Game comes out in a few days! Can't wait. Too bad Pierce wasn't in there though. But I was a big fan of the N64 version, so I am really excited for this game. Like the graphics too.


----------



## Psychonaut (Oct 30, 2010)

if your comp will allow it, goldeneye: source is a great remake on the PC, using the half life 2 engine, if you're interested in the multiplayer aspect.

didn't know this game was already coming out.  I don't care for how they went about hyping up the game.. but interested in how well it'll do, regardless.


----------



## ACCF18 (Oct 30, 2010)

I am interested but can you use a gamepad? I don't like using cpu controls...


----------



## Psychonaut (Oct 30, 2010)

ACCF18 said:
			
		

> I am interested but can you use a gamepad? I don't like using cpu controls...


if you don't want to use a mouse/keyboard, you can use whatever gamepads you have laying around, so long as you can find a way to map the aiming to a control.  it will probably be harder than mouse and keyboard, since you won't have the same precise control, but yes, you could map everything onto a gamepad.

I use my ps3 controller to emulate an xbox 360 controller, had a hard time mapping all the buttons/keys onto it though.  good luck, if you're interested.


----------



## Mino (Oct 30, 2010)

This game pisses me off for many, many reasons.

Why do people assume it'll be anything like the original?  It's impossible to go back to the original's popularity, because the original was _the_ original.


----------



## ACCF18 (Oct 30, 2010)

No, it actually IS gonna be the original. Just better graphics, better/more guns, that's all. They are even including the levels from the Goldeneye movie that wasn't in the N64 game. The only thing that's bad is that Pierce isn't gonna be in that game. But, oh well.


----------



## Psychonaut (Oct 30, 2010)

*trevor said:
			
		

> This game pisses me off for many, many reasons.
> 
> Why do people assume it'll be anything like the original?  It's impossible to go back to the original's popularity, because the original was _the_ original.

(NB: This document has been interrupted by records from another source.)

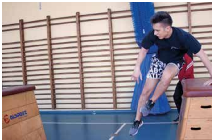
Skoki przez skrzynię podczas testu sprawności fizycznej

Uczestnicy i słuchacze Szkoły Policji w Pile mogli obejrzyć wystawę historyczną o Policji II RP przygotowaną przez Biuro Historii i Tradycji Policji KGP. Wielu uczniów klas policyjnych po egzaminie maturalnym chce związać swoją przyszłość z formacjami mundurowymi, w tym większość z Policją.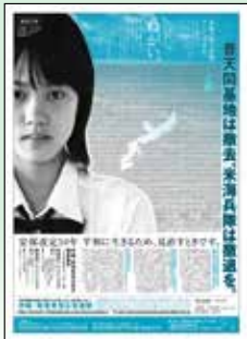
2010年朝日新聞・琉球新報・沖縄タイムス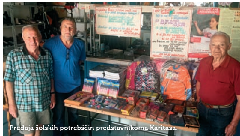
Predaja šolskih potrebščin predstavnikoma Karitasa.

žu v vrednosti dobrih 2600 evrov. Druga akcija, katere nosilec je prav tako papirnica Kocka Scripta, pa že deset let poteka v sodelovanju z Rdečim križem in medijskim pokroviteljem Radiem 94 . Tudi v tej akciji zbirajo šolske potrebščine in k sodelovanju povabijo obiskovalce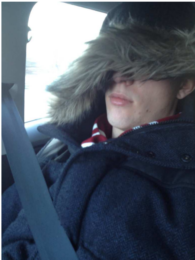
So ne Fahrt macht müde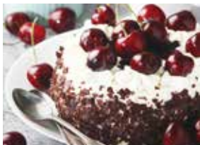
見た目よりは甘さは控えめ

黒い森地方の伝統的なケーキ。チョコレート味のスポンジ生地に、名産であるサクランボの蒸留酒(キルシュ)をたっぷりと染み込ませてある。ホイップクリームと削ったチョコレート、サクランボでデコレートするのが定番。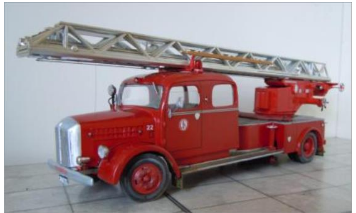
Stegbil nr 22. Scania Vabis L23 1949. Ny steg typ DG230 innan reflexmärkingen 1969.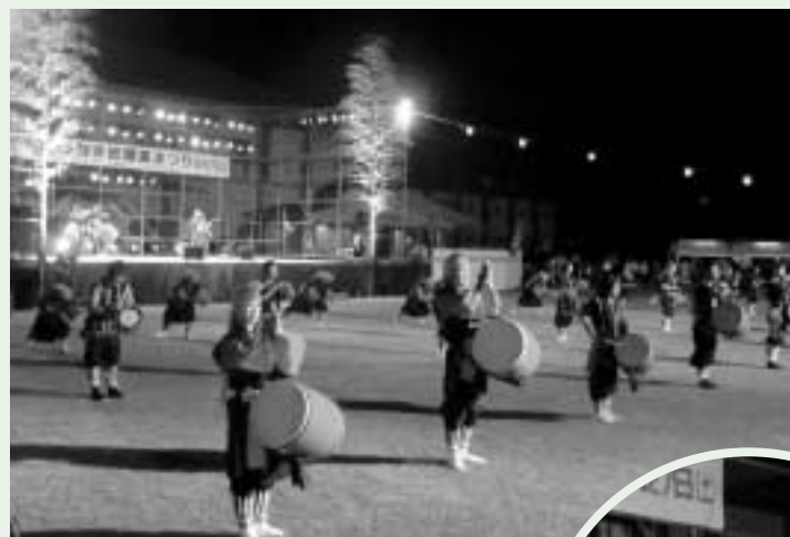
祭りのクライマックス エイサー総踊り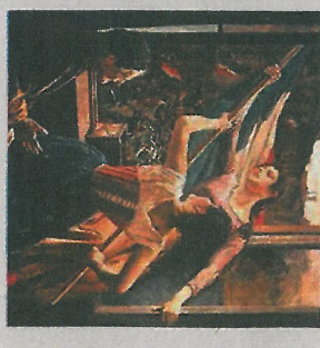
Museo del Risorgimento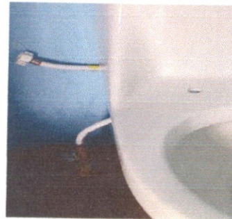
Sustitución de accesorios (contrallaves)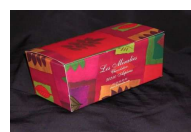
décor non contractuel (selon disponibilités)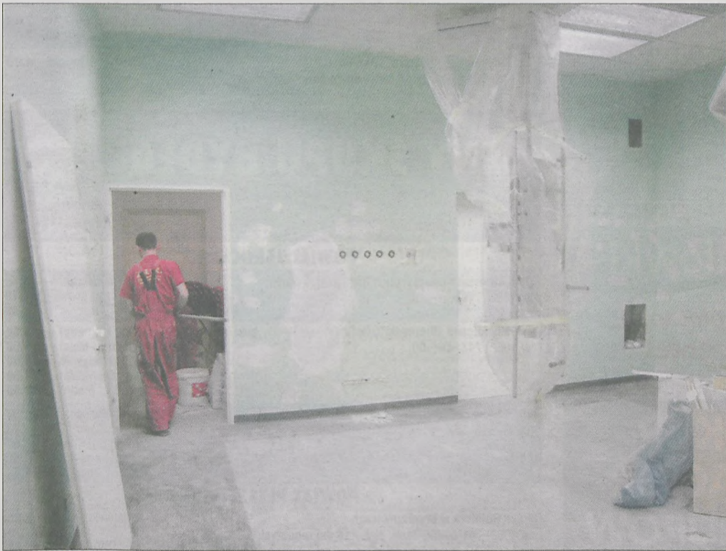
Trwają prace adaptacyjne i montowanie nowych urządzeń i aparatury medycznej na bloku operacyjnym i centralnej sterylizatorni w jarocińskim szpitalu

W jarocińskim szpitalu trwa montaż wyposażenia nowego bloku operacyjnego i centralnej sterylizatorni. Nowoczesny sprzęt medyczny o wartości 3 mln 600 tys. zł trafił do naszej lecznicy dzięki pozyskanemu dofinansowaniu z Europejskiego Funduszu Rozwoju Regionalnego w wysokości 2 mln 718 tys. zł. Na liście zakupionych urządzeń jest ponad 100 pozycji, między innymi wysokiej klasy kolumny anestezyjologiczne, stoły operacyjne i instrumentarium chirurgiczne. Część wyposażenia szpital musiał nabyć z własnych funduszy. - Są to przede wszystkim meble i inne przedmioty, których nie obejmował unijny projekt. Poza tym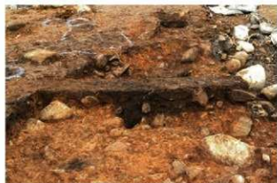
S15071 土層A-A' (西から)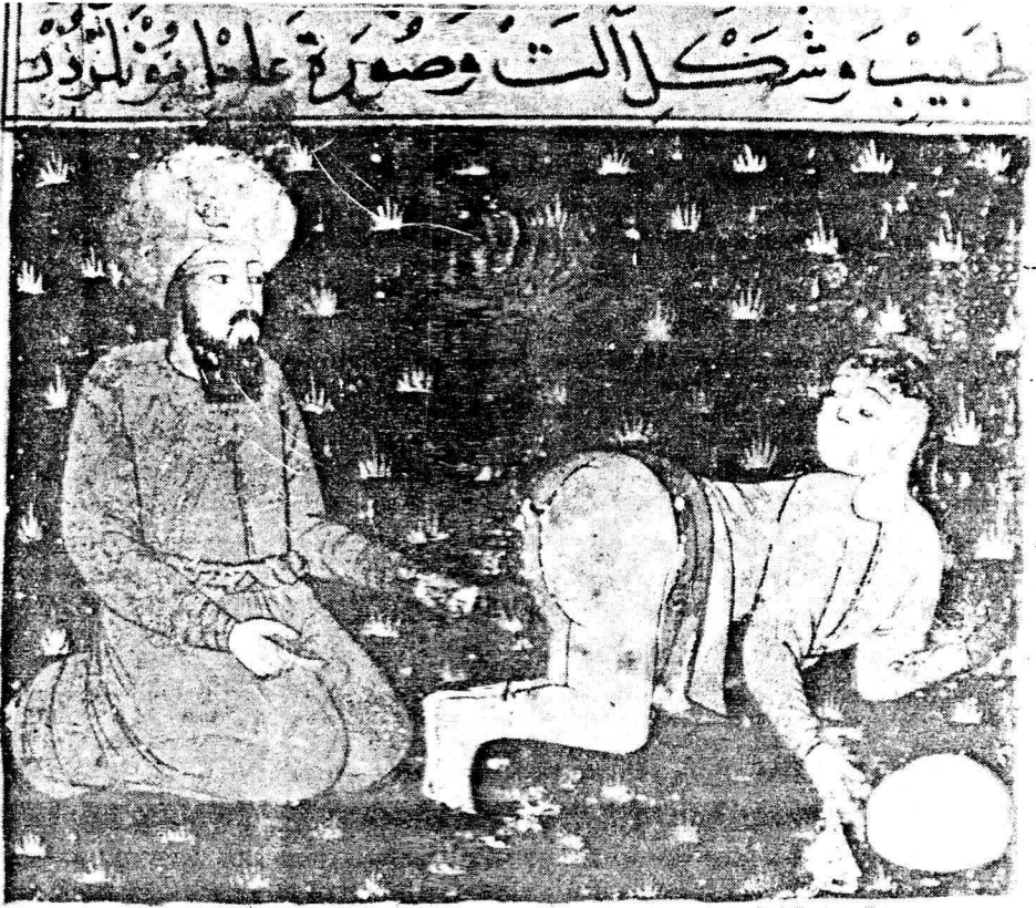
Resim 5. Varak 12 Ab Kadın hastalıklarının dağlamayla tedavisi.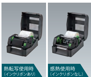
熱転写使用時 (インクリボンあり)

熱転写印刷が可能なので、紙素材だけでなく、耐久性の高いフィルム素材のラベルにも印刷できます。また、インクリボンを取り外して感熱ラベルを装着することで、感熱印刷にも対応します。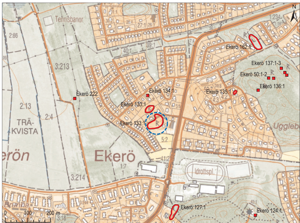
Figur 1. Undersökningsområdet markerat med blått på fastighetskartan. Fornlämningar markerade i rött. Skala 1:8 000.

Syftet med förundersökningen var att avgränsa gravfältet söderut och därmed utgöra underlag för Länsstyrelsens vidare hantering av ärendet.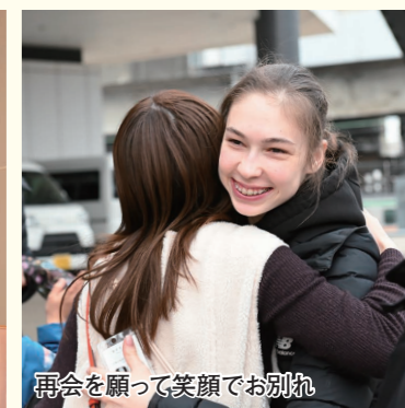
再会を願って笑顔でお別れ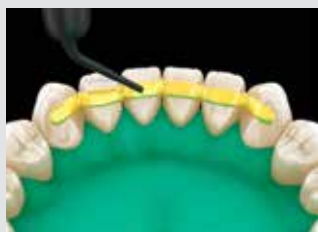
5. Appliquer le composite fluide ; ne pas photopolymériser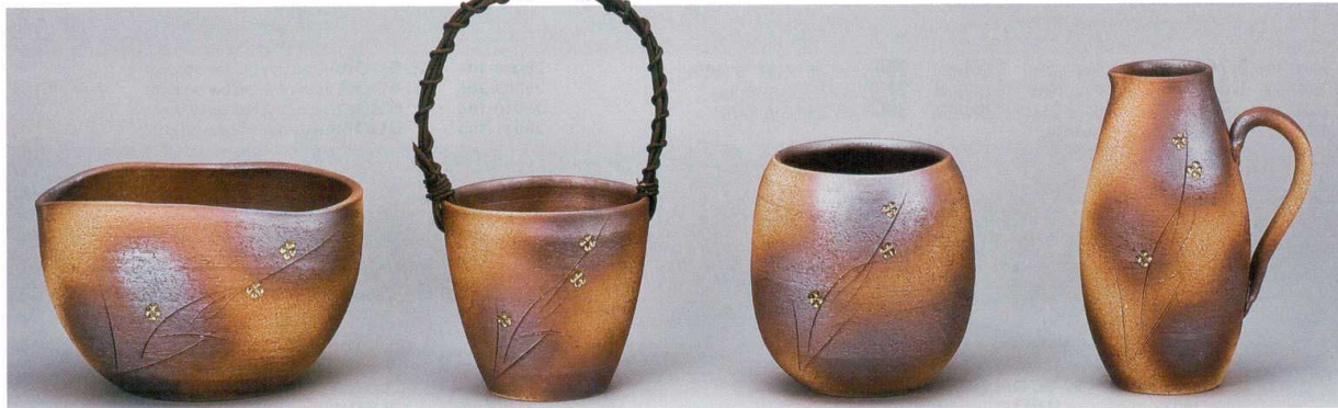
27905-436 7,500円 264327905 火色小花フインクーラー(250×200×140mm)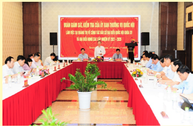
Đoàn giám sát, kiểm tra của Ủy ban Thường vụ Quốc hội do Phó Chủ tịch Quốc hội, Ủy viên Hội đồng bầu cử quốc gia Phùng Quốc Hiển làm trưởng đoàn vào làm việc với tỉnh Quảng Trị về công tác bầu cử đại biểu Quốc hội khóa XV và đại biểu HĐND các cấp nhiệm kỳ 2021-2026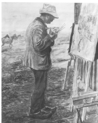
Johannes Larsen: Philipsen maler, Saltholm. 1913. Akvarel. Privateje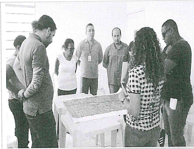
Resgate histórico do território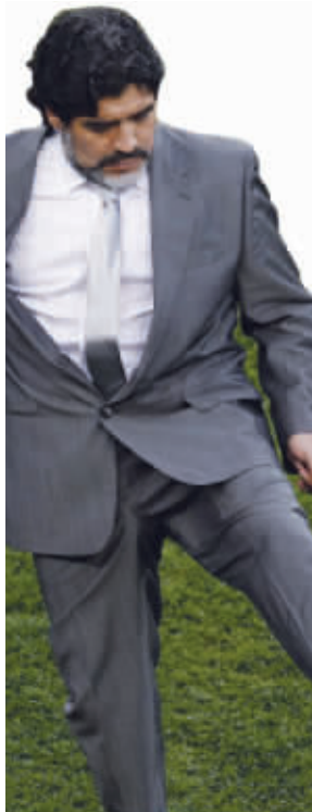
“看阿根廷教练在场边踢球的那两下,好像他以前也踢过球呀……”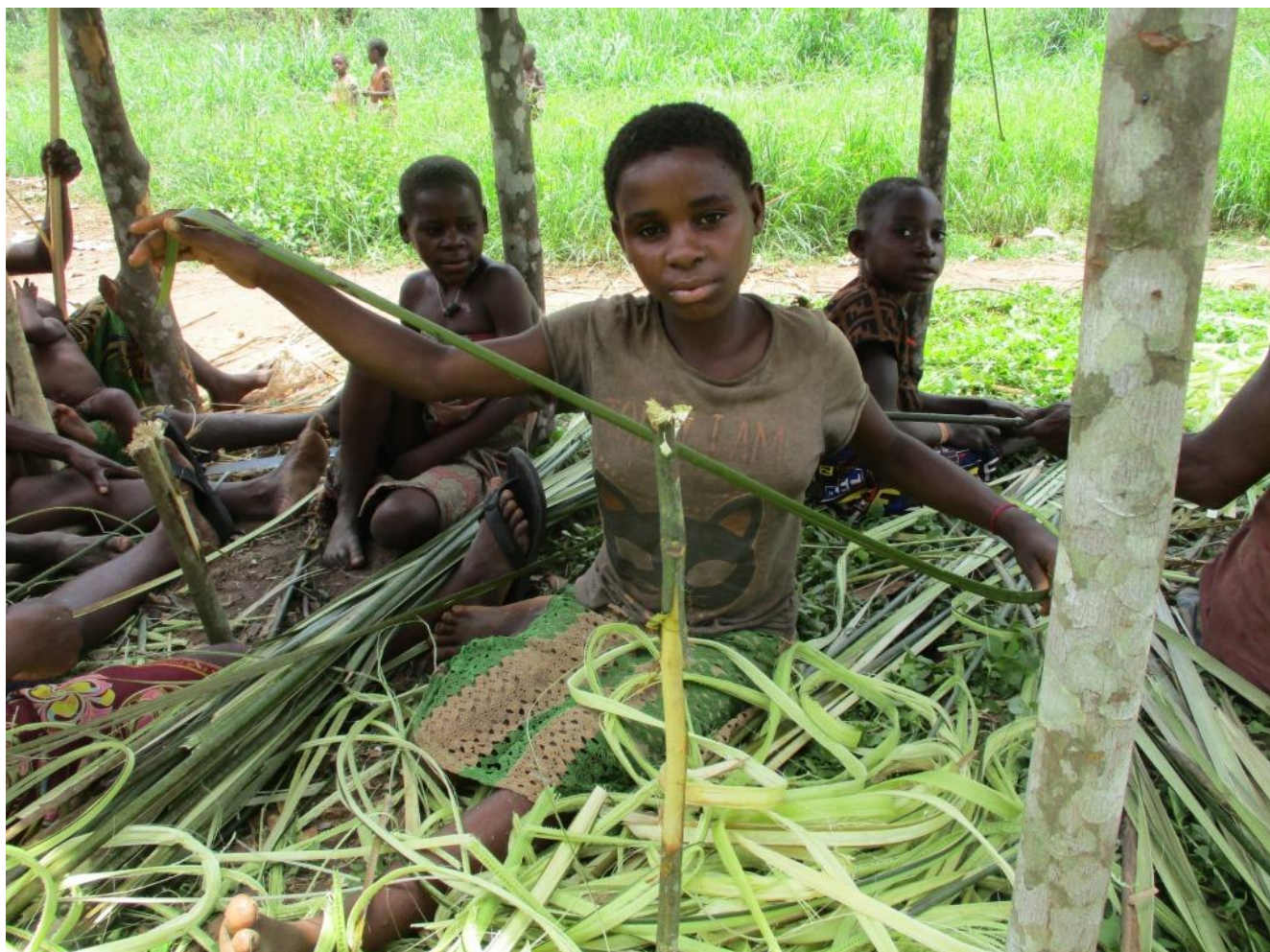
Image tressage des nattes traditionnelles

Pour cette année 2023, 1710 jeunes ont pris part à ces ateliers d'apprentissage.

because these people were excited, so we should be, too.
http://www.youtube.com/v/o3KqiZr-AjI&feature=fvwk

& @ the last post, I think they're going about it with more of a story/campaign-style approach, as compared to "you're in the level and here's your objective".

multiplayer is just multiplayer, and was the main draw from what i remember.  i never understood it, but i wasn't really of-age to play it beyond walking around and breaking the glass walls, and messing around with cheats.


----------



## Lobo (Oct 30, 2010)

Psychonaut said:
			
		

> *trevor said:
> 
> 
> 
> ...


I saw this...I'm afraid that everyone online will be abusing oddjob though because of his obnoxious shortness


----------



## Mino (Oct 30, 2010)

ACCF18 said:
			
		

> No, it actually IS gonna be the original. Just better graphics, better/more guns, that's all. They are even including the levels from the Goldeneye movie that wasn't in the N64 game. The only thing that's bad is that Pierce isn't gonna be in that game. But, oh well.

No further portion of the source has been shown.